Kinda like the other thread help is apreciated! I know if i dont figure this out the same thing will come up!

In an arithmetic series, the tenth term, T10, is 19 and the sum to ten terms, S10 is 55.
Find the first term and the common difference.

Anyone?
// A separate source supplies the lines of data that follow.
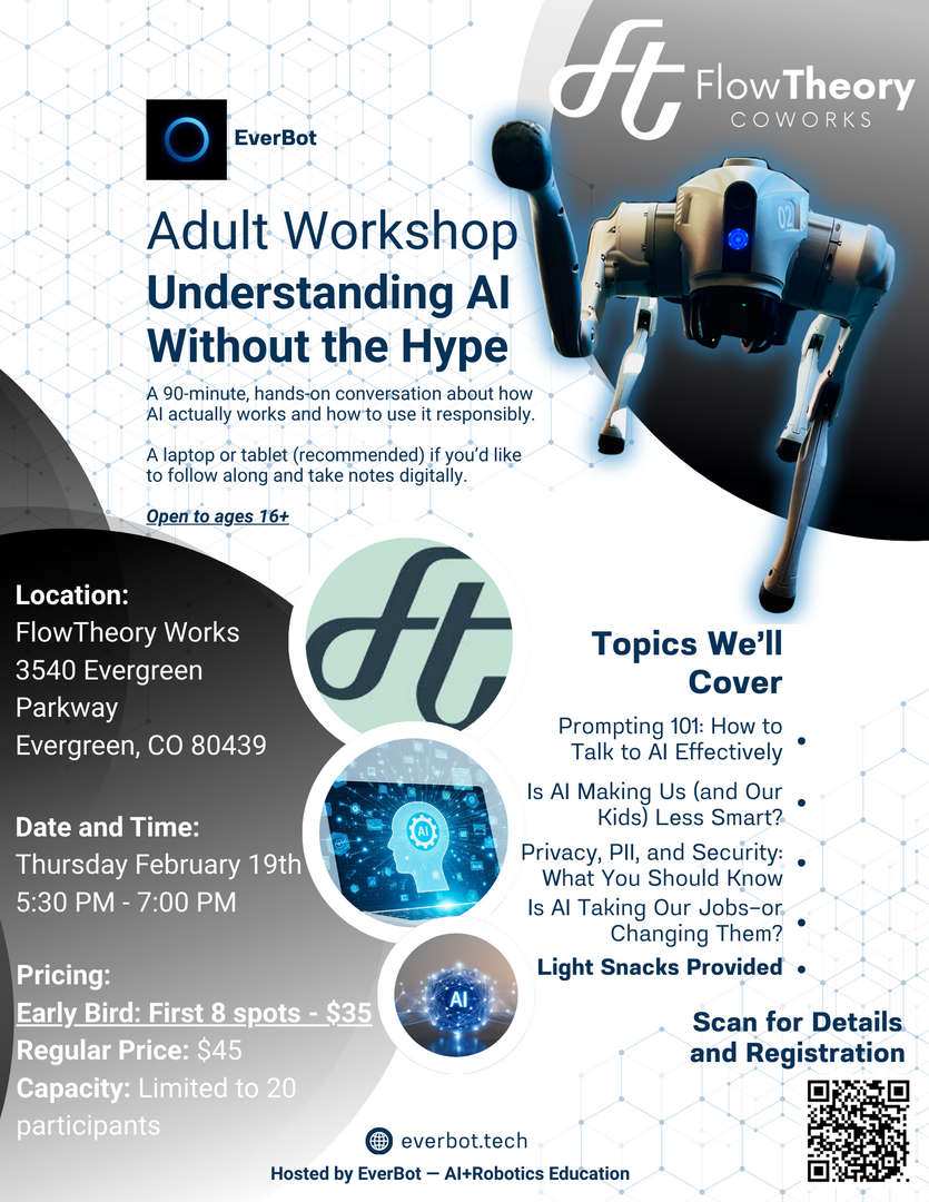 This workshop is hosted by EverBot, a local AI education company based in Evergreen. EverBot provides hands-on AI learning experiences for all ages through after-school programs, community workshops, and educational resources. Learn more at everbot.tech.
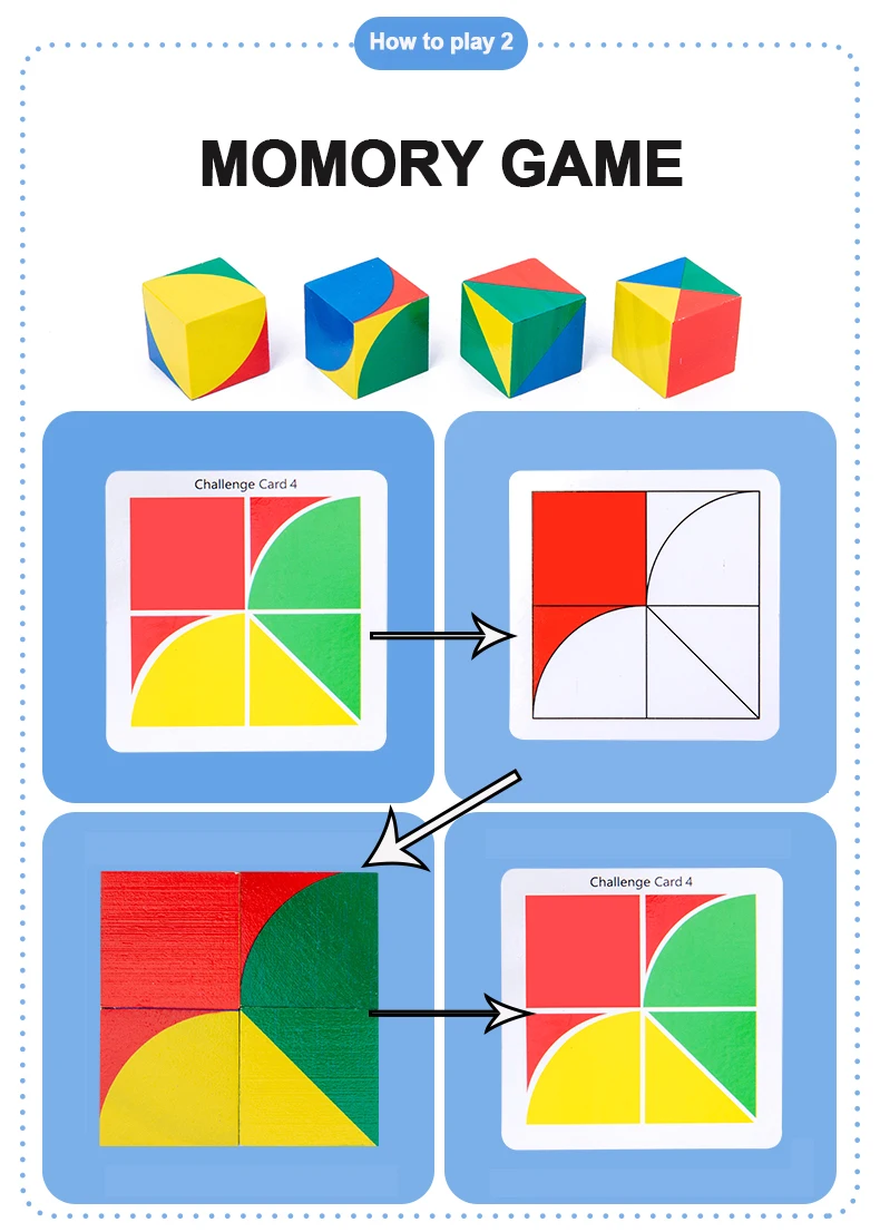 Now players have 10 seconds to remember the patterns on their cards Then turn card to the back and use your colored squares to complete the challenge coin pattern and win the challenge card according to the tips on the back of the card .
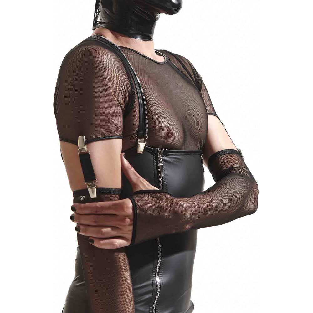 Długie rękawiczki wykonane z czarnej, elastycznej siateczki. Sięgające od połowy dłoni za łokieć. Dodatkowe wycięcie na kciuk. Świetnie dopasowują się do dłoni i przedramion, podkreślając i ukazując ich kształt. Dodatkowo w zestawie są elastyczne paski ze srebrnymi, metalowymi zapięciami. Służą do przypinania rękawiczek do koszulki – dzięki czemu rękawiczki nie zsuwają się i efektownie się prezentują. Zapięcia pasków są trwałe, metalowe i wodoodporne. Produkt sprzedawany w pudełku z logo RFP – bez spersonalizowanego zdjęcia.

Only 2 days left!

Crumbs

S10 = 55
T10 = 19

Therefore, S9 = 36.

The sum to n terms, Sn = n/2[2a+(n-1)d]

Work that out for S9 and S10 and then solve the two equations to get a and d.

rasher_b2

you could use T10=19 so a+9d=19
and then work it out with the other one using simultaneous equations.

Sev

Right well an arithmetic sequence is a sequence of numbers such that there is a constant difference,d, between each.

So T2 = T1 + d, T3 = T2 + d, and so on

Therefore, T3 = T1 + 2d, likewise T9 = T1 + 8d

You get the idea.

So to get the sum of the first 10 numbers in an arithmetic sequence its simply

S10 = T1 + T2 + ..... + T10
= T1 + (T1 + d) + (T1 + 2d) + ..... + (T1 + 9d)

= 10(T1) + d (1 + 2 + 3 + .... + 9)

now there is a formula given on the maths course for the sum of an increasing series of integers = N(N+1)/2

so the sum of integers from 1 to 9 is 9(9+1)/2 = 45

so we get an expression for the sum of the first 10 numbers in the sequence to be

S10 = 10(T1) + 45d = 55

We also know that

T10 = T1 + 9d = 19

And now we just have two simultaneous equations, and by multiplying accross the latter by 10...

10T1 + 90d = 190
10T1 + 45d = 55

---

45d = 135
=> d = 3

And if d = 3, then T1 = -8

Camogie Playa

i remember trying to that sum too, but failed miserably!but im even more confused now

hacktavist

Ahh didnt think to use similtaneous equations! Chears lads.